DATASET RECORDS:

· · · · · · ·

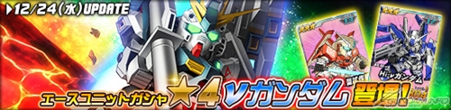 エースユニットガシャに、「★4 νガンダム」、「★3 Hi-νガンダム」、「★3 ΖプラスA1型試作機」が登場した。「★4 νガンダム」は強化パーツとして「サイコ・フレーム」を、「★3 Hi-νガンダム」はスペシャルウェポンとして「フィン・ファンネル」を搭載した強力なユニットとなっているので、ぜひとも手に入れよう。
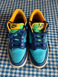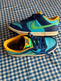 Vendo sneaker Grade School Nike Dunk Low "Kyrie" n. 38 colore Baltic Blue/Electric Algae/Deep Royal/Laser Orange. In buono stato. Consegna a mano o spedizione.
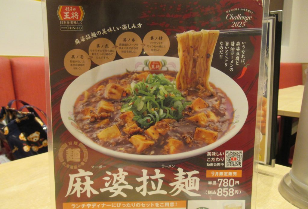 久しぶりに妻と二人で餃子の王将へ行きました。 9月限定の「麻婆拉麺」が目に留まりました。
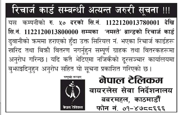 साथै, टेलिकमले ती रिचार्ज कार्ड फेला पारेमा नजिकको दूरसञ्चार कार्यालयमा बुझाइदिन समेत आग्रह गरेको छ ।
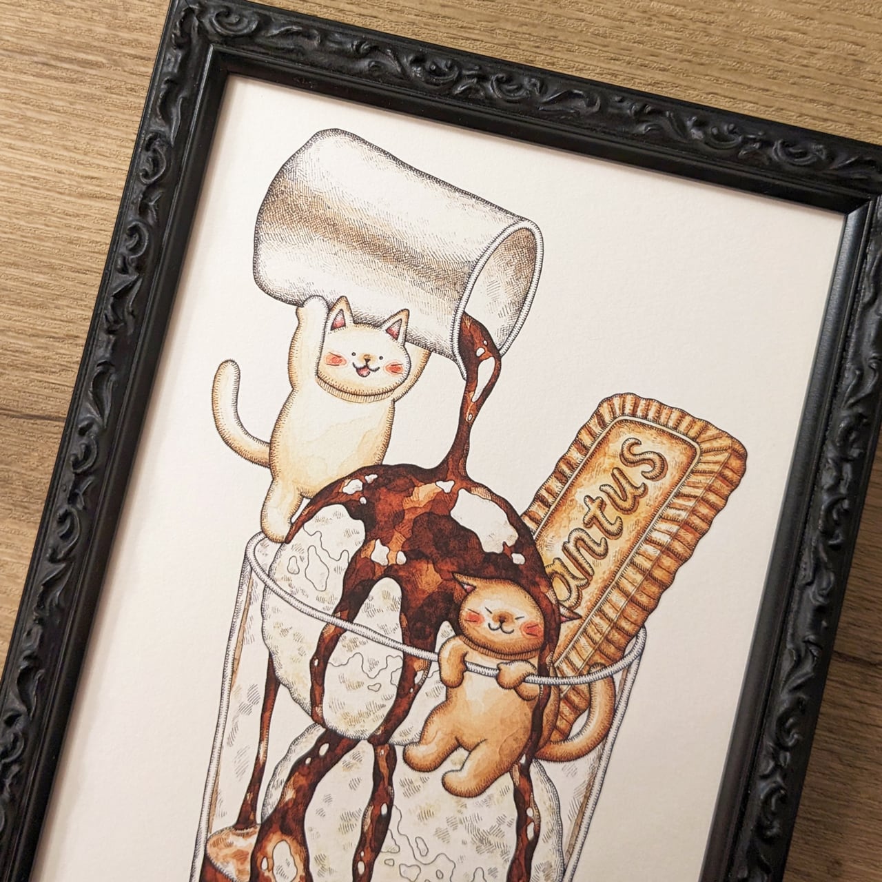 手描きイラスト アートプリント ポスター インテリア 癒し 絵画 猫 ねこ ネコ 可愛い ギフト 誕生日プレゼント ナチュラル 癒し アイスクリーム アフォガード スイーツ アンティーク コーヒー お菓子 カフェ

· · · · · · ·

ASSIGNMENT: Once the pictures are set aside, please output all the data word for word.

SOLUTION TO THIS EXERCISE:
 エースユニットガシャに、「★4 νガンダム」、「★3 Hi-νガンダム」、「★3 ΖプラスA1型試作機」が登場した。「★4 νガンダム」は強化パーツとして「サイコ・フレーム」を、「★3 Hi-νガンダム」はスペシャルウェポンとして「フィン・ファンネル」を搭載した強力なユニットとなっているので、ぜひとも手に入れよう。
 Vendo sneaker Grade School Nike Dunk Low "Kyrie" n. 38 colore Baltic Blue/Electric Algae/Deep Royal/Laser Orange. In buono stato. Consegna a mano o spedizione.
 久しぶりに妻と二人で餃子の王将へ行きました。 9月限定の「麻婆拉麺」が目に留まりました。
 साथै, टेलिकमले ती रिचार्ज कार्ड फेला पारेमा नजिकको दूरसञ्चार कार्यालयमा बुझाइदिन समेत आग्रह गरेको छ ।
 手描きイラスト アートプリント ポスター インテリア 癒し 絵画 猫 ねこ ネコ 可愛い ギフト 誕生日プレゼント ナチュラル 癒し アイスクリーム アフォガード スイーツ アンティーク コーヒー お菓子 カフェ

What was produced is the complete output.